Download or read book Bach Perspectives Volume 13 written by Laura Buch and published by University of Illinois Press. This book was released on 2020-12-14 with total page 215 pages. Available in PDF, EPUB and Kindle. Book excerpt: Scholars and performers have long noted J.S. Bach's abundant use of parody procedures: that is, the recycling and reworking of pre-existing material from his own compositions or from other sources. Laura Buch edits essays exploring how the composer parodied the work of others and how other composers did the same with him. The contributors delve into the works of Baroque-era composers from Bach himself to C. P. E. Bach, Johann Caspar Ferdinand Fischer, and Ferruccio Busoni. But they also cast a wider net, investigating the ways Bach's music cross-pollinates with contemporary composer-performers John Lewis and the Modern Jazz Quartet, and keyboardist Bernie Worrell and Parliament-Funkadelic. The diverse contexts illuminate a broad range of parody techniques, from structural scaffolding and contrapuntal elaboration to integration with stylistic languages far removed from the Baroque.

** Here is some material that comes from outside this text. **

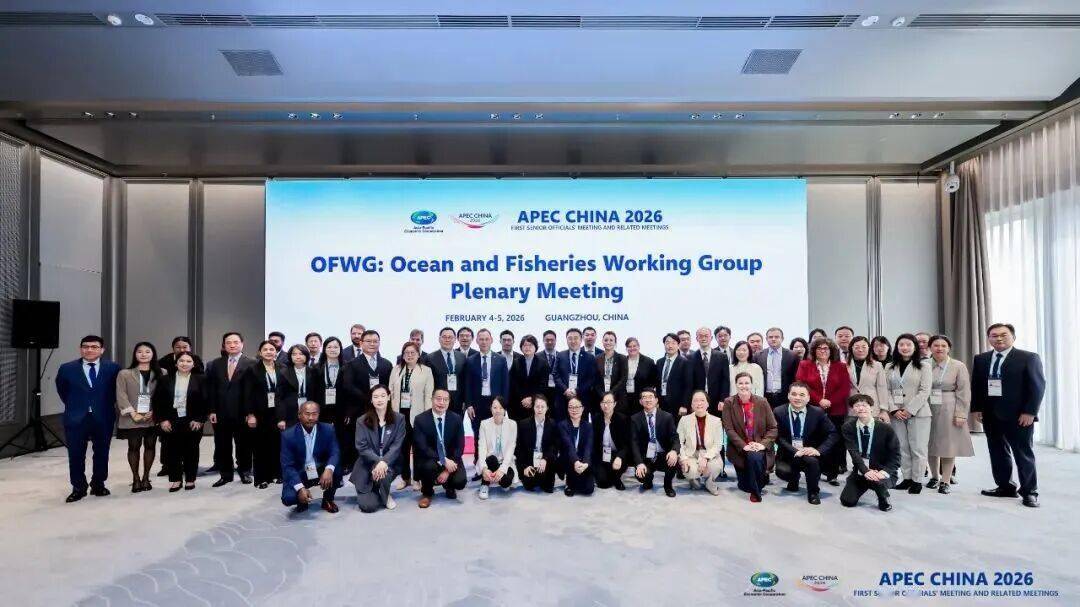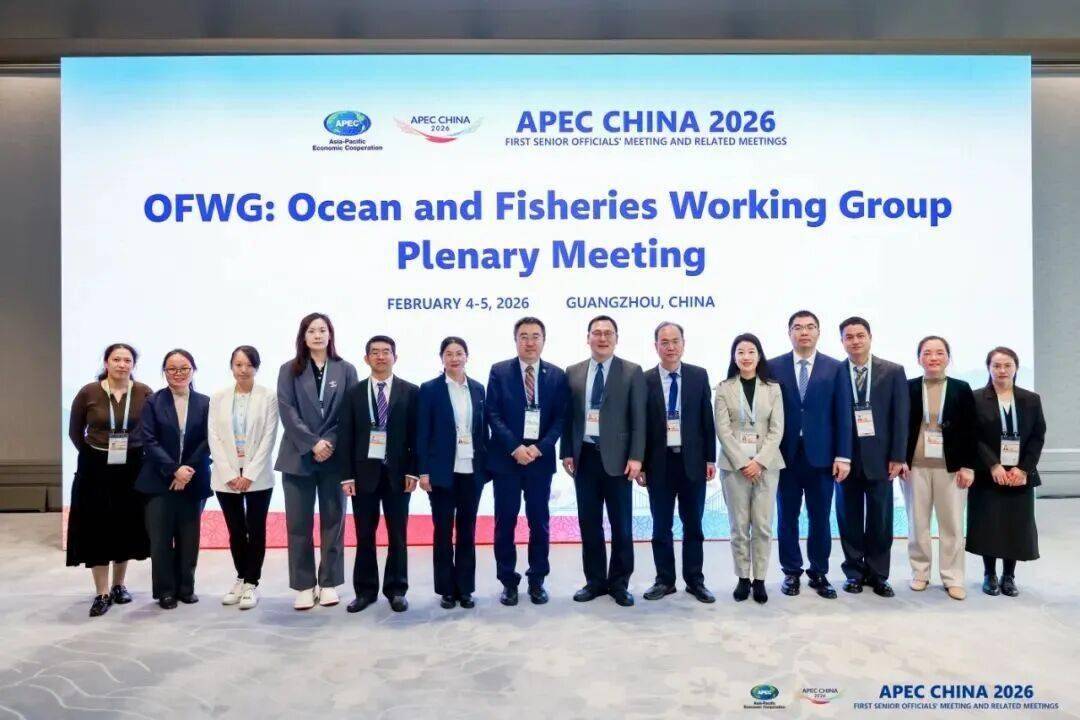 2026年2月4-5日,第25次APEC海洋与渔业工作组(OFWG)会议在广州成功举办。来自澳大利亚、加拿大、智利、中国、中国香港、日本、韩国、新西兰、巴布亚新几内亚、秘鲁、菲律宾、俄罗斯、中国台北、泰国、美国、越南等16个APEC经济体以及蒙特利湾水族馆、中国海洋发展基金会等社会组织代表共70余人参会。中方代表团由自然资源部国际合作司副司长王安涛,农业农村部渔业渔政管理局副局长孙海文,自然资源部南海局副局长王宏斌,自然资源部第三海洋研究所所长(APEC海洋可持续发展中心主任)张海峰、副所长陈彬,以及来自海洋三所(APEC海洋可持续发展中心)、南海局、海洋一所、国家海洋环境预报中心、自然资源部海岛研究中心等单位代表共28人组成。 5 z4 i# n7 b! [# M! R W9 N; C. g

An insightful look at how composers build on each other's work, Bach Reworked reveals how nuanced understandings of parody procedures can fuel both musical innovation and historically informed performance. Contributors: Stephen A. Crist, Ellen Exner, Moira Leanne Hill, Erinn E. Knyt, and Markus Zepf
Download or read book The Music of Wilhelm Friedemann Bach written by David Schulenberg and published by University Rochester Press. This book was released on 2010 with total page 356 pages. Available in PDF, EPUB and Kindle. Book excerpt: The first book in nearly a century dedicated to a close examination of the musical works of Wilhelm Friedemann Bach, first son of Johann Sebastian Bach.
Download or read book The Creative Development of Johann Sebastian Bach Volume 1 1695 1717 written by Richard D. P. Jones and published by Oxford University Press. This book was released on 2007 with total page 350 pages. Available in PDF, EPUB and Kindle. Book excerpt: This first of a two-volume study deals with the earlier part of Bach's career, and examines the output of his youth and its many external influences, before moving on to study the first great masterpieces in which Bach's own personal voice begins to emerge.